Work to be completed:
Copy the material below verbatim from the line with "Pekerjaan TPT tersebut" to the line with "Less than two", both lines included, omitting pictures and every line outside that range.

Input material:
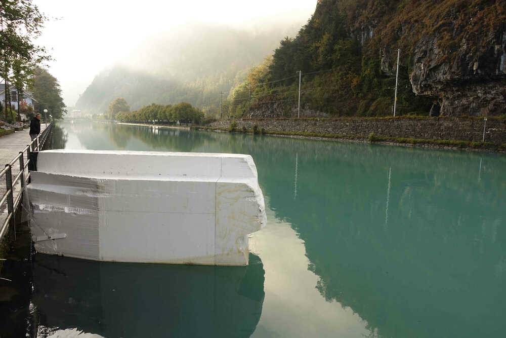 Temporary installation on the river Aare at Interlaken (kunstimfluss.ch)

...

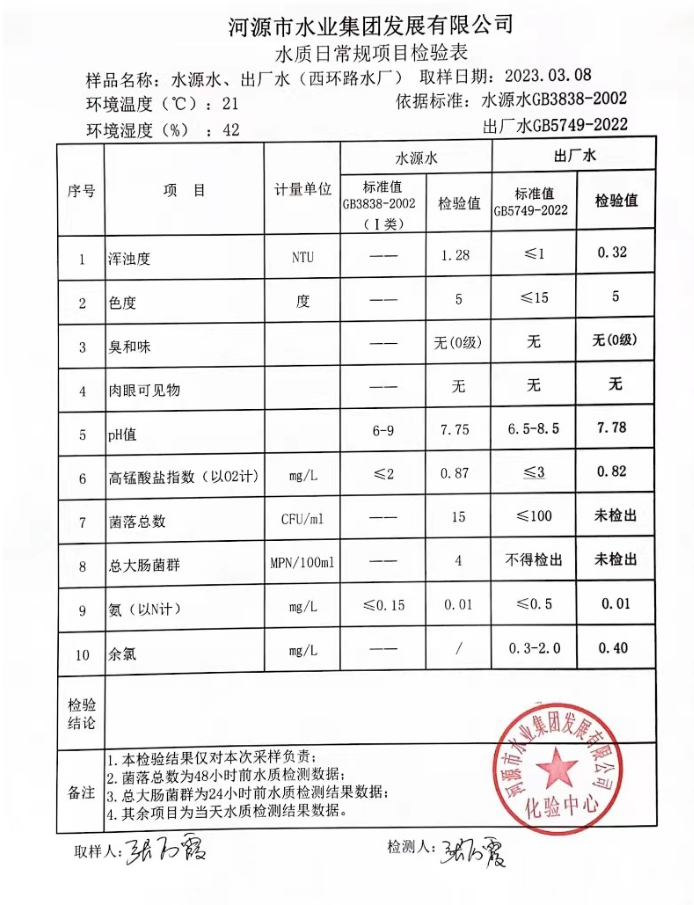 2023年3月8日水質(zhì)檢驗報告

==

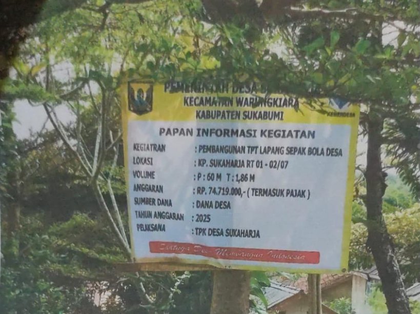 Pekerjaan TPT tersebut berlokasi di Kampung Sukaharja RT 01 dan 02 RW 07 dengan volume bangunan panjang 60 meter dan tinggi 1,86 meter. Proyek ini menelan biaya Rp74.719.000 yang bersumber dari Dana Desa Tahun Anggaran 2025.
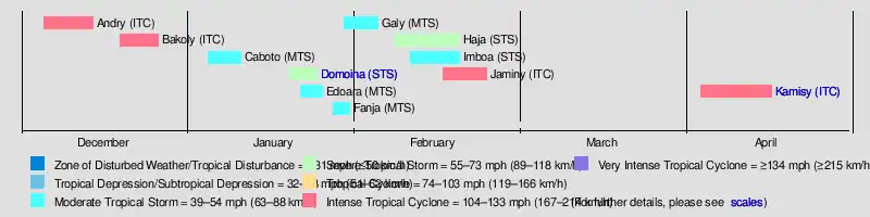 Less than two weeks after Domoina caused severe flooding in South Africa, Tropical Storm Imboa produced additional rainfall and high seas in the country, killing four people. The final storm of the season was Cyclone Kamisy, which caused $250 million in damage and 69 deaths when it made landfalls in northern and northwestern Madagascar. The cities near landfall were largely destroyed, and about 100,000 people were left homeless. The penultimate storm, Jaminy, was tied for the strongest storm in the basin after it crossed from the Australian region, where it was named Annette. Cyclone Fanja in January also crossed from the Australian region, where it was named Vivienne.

Your solution:
 Pekerjaan TPT tersebut berlokasi di Kampung Sukaharja RT 01 dan 02 RW 07 dengan volume bangunan panjang 60 meter dan tinggi 1,86 meter. Proyek ini menelan biaya Rp74.719.000 yang bersumber dari Dana Desa Tahun Anggaran 2025.
 Less than two weeks after Domoina caused severe flooding in South Africa, Tropical Storm Imboa produced additional rainfall and high seas in the country, killing four people. The final storm of the season was Cyclone Kamisy, which caused $250 million in damage and 69 deaths when it made landfalls in northern and northwestern Madagascar. The cities near landfall were largely destroyed, and about 100,000 people were left homeless. The penultimate storm, Jaminy, was tied for the strongest storm in the basin after it crossed from the Australian region, where it was named Annette. Cyclone Fanja in January also crossed from the Australian region, where it was named Vivienne.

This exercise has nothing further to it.